All this produced a surprising finding: “Meal kits were actually better overall than grocery store meals when you take into account the full system, including food waste,” says Miller. Given that her original motivation for conducting the study was “anecdotal conversations of individuals who were feeling guilty” because they were certain the packaging made such meals more wasteful, this finding came as quite the surprise.
We know that almost half of the food that the U.S.produces is wasted, which has impacts on everything from food security to climate change. With all the research out there on plastic pollution, it might seem like excess packaging would outweigh other concerns—after all, wasted food is biodegradable. A rotting head of broccoli will release greenhouse gases if it molders in a landfill, but it’s not going to stick around and continue polluting the way a piece of plastic will. That just illustrates how limited our view of the food system can be, Miller says: we rarely consider the full lifecycle of the products we rely on. “It really does go to this idea of thinking through as consumers what we actually use,” she says.

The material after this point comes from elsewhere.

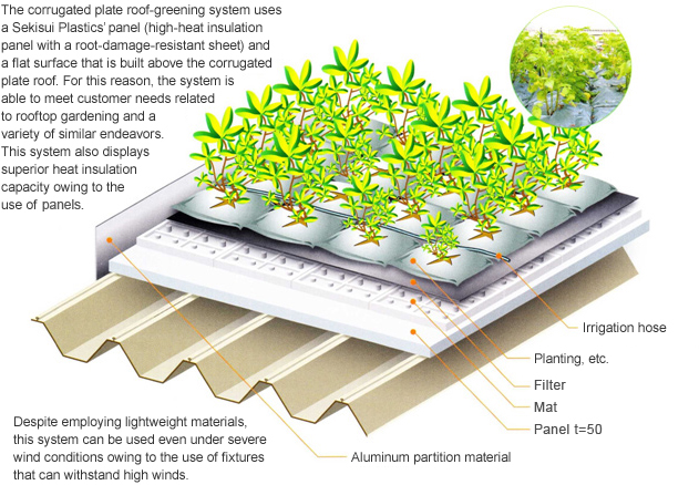 The lightweight, thin-layer rooftop gardening and corrugated plate roof-greening system uses high-heat insulation panels with root-damage-resistant sheets (manufactured by Sekisui Plastics Co., Ltd.) and is constructed with a flat surface that is placed over corrugated plate roofs. The mat, filter and soil pouch construction is placed above this to allow for plant growth.
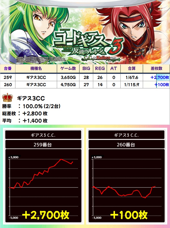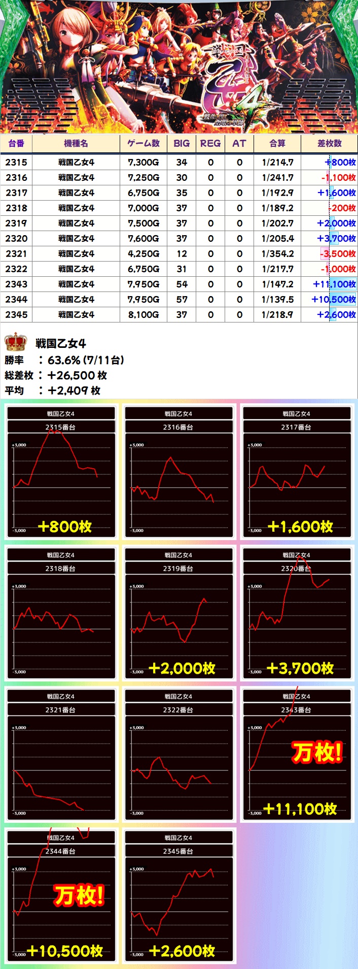 戦国乙女は11台中7台がプラスで、そのうち2台が万枚突破。勝率の高さに加え平均+2,400枚という好成績を見るに、全台系と見てよさそうです。

The fact that preassembled meal kits have less of an environmental impact than store-bought meals, despite their higher packaging load, also illustrates how messed up our food system is. Grocery stores themselves, which frequently overstock to give that feeling of abundance to their shelves and make sure everything is on hand for consumers, are a big contributor to the food waste problem.
This isn’t to say that everyone should subscribe to a meal kit service to save the planet; you may not be able to fit them into your lifestyle, and chances are you can make choices on your own that are as good or better. If you’re financially and logistically capable of doing so, you can lower the environmental impact of your diet by buying locally produced food, going car-free for as many shopping trips as possible, and cutting down on animal products, which are the biggest greenhouse gas offenders. And when you have the choice, go for foods that have been through less processing and have less packaging: a can of lentil soup is easy to enjoy, but lentils in a bulk bin will likely have created fewer emissions on their journey to your shopping cart.
Not everyone has access to these foods or the time to prepare them. But cutting down on food waste is also crucial, Heard says, and a great way to do this is to meal plan. That ensures that even if you do have to buy bigger portions, you can use them up efficiently—which saves you money, too. Another step we can all take is to stick with the common wisdom of not going to the grocery store hungry: you’re more likely to make an impulse purchase that may go to waste later.